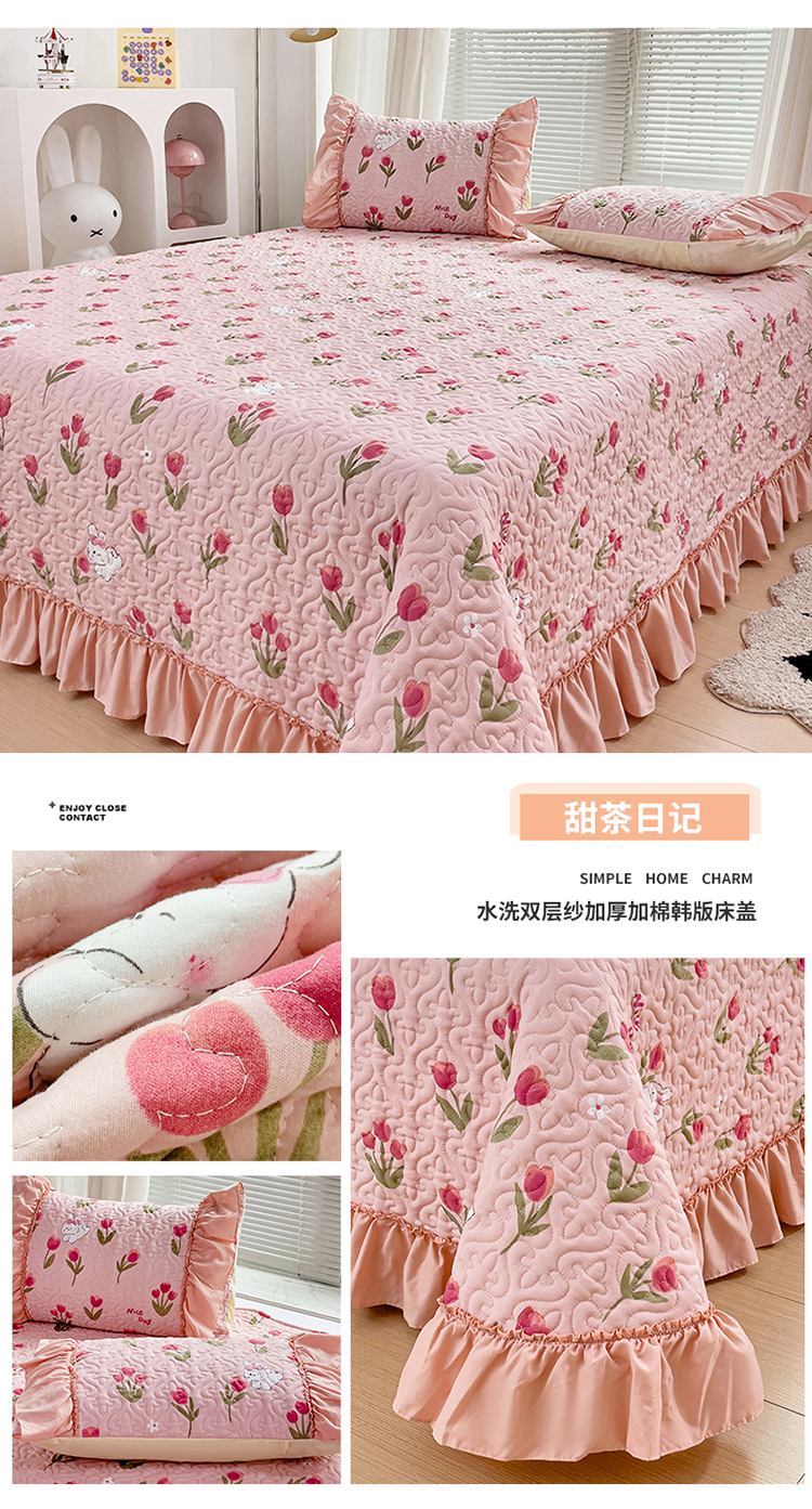 商品名称:纽缦家纺 2024水洗双层纱加厚加棉韩版床盖 甜茶日记
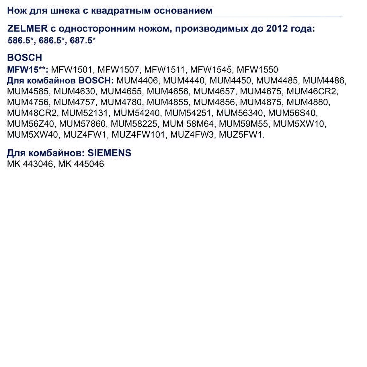 Нож для мясорубки Zelmer, Bosch, Siemens до 2012 года
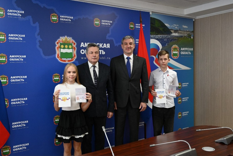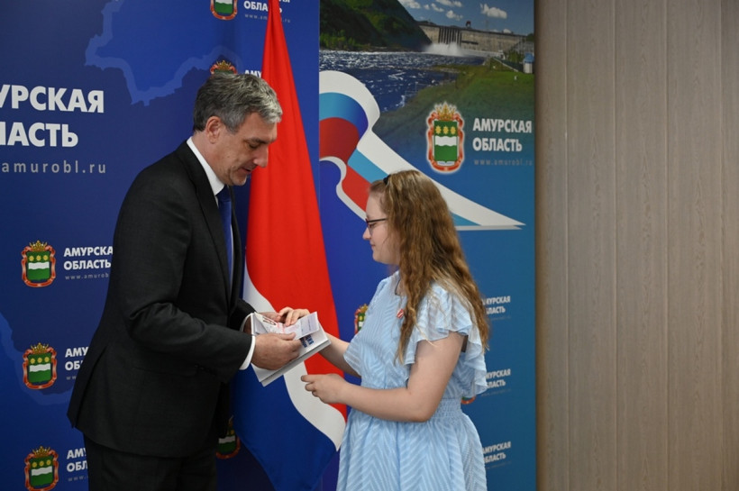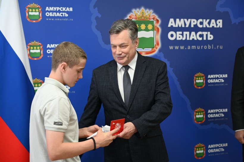 В преддверии Дня России губернатор Василий Орлов и главный федеральный инспектор по Амурской области аппарата полномочного представителя Президента Российской Федерации в ДФО Игорь Шипов вручили первые паспорта 11 амурским школьникам. Все эти ребята успешны в учебе, спорте и общественной жизни. Они — победители всероссийских соревнований, школьных и муниципальных олимпиад и конкурсов, волонтеры, общественники.

§ §

Transcribe the material exactly, leaving every picture out.

 商品名称:纽缦家纺 2024水洗双层纱加厚加棉韩版床盖 甜茶日记
 Нож для мясорубки Zelmer, Bosch, Siemens до 2012 года
 В преддверии Дня России губернатор Василий Орлов и главный федеральный инспектор по Амурской области аппарата полномочного представителя Президента Российской Федерации в ДФО Игорь Шипов вручили первые паспорта 11 амурским школьникам. Все эти ребята успешны в учебе, спорте и общественной жизни. Они — победители всероссийских соревнований, школьных и муниципальных олимпиад и конкурсов, волонтеры, общественники.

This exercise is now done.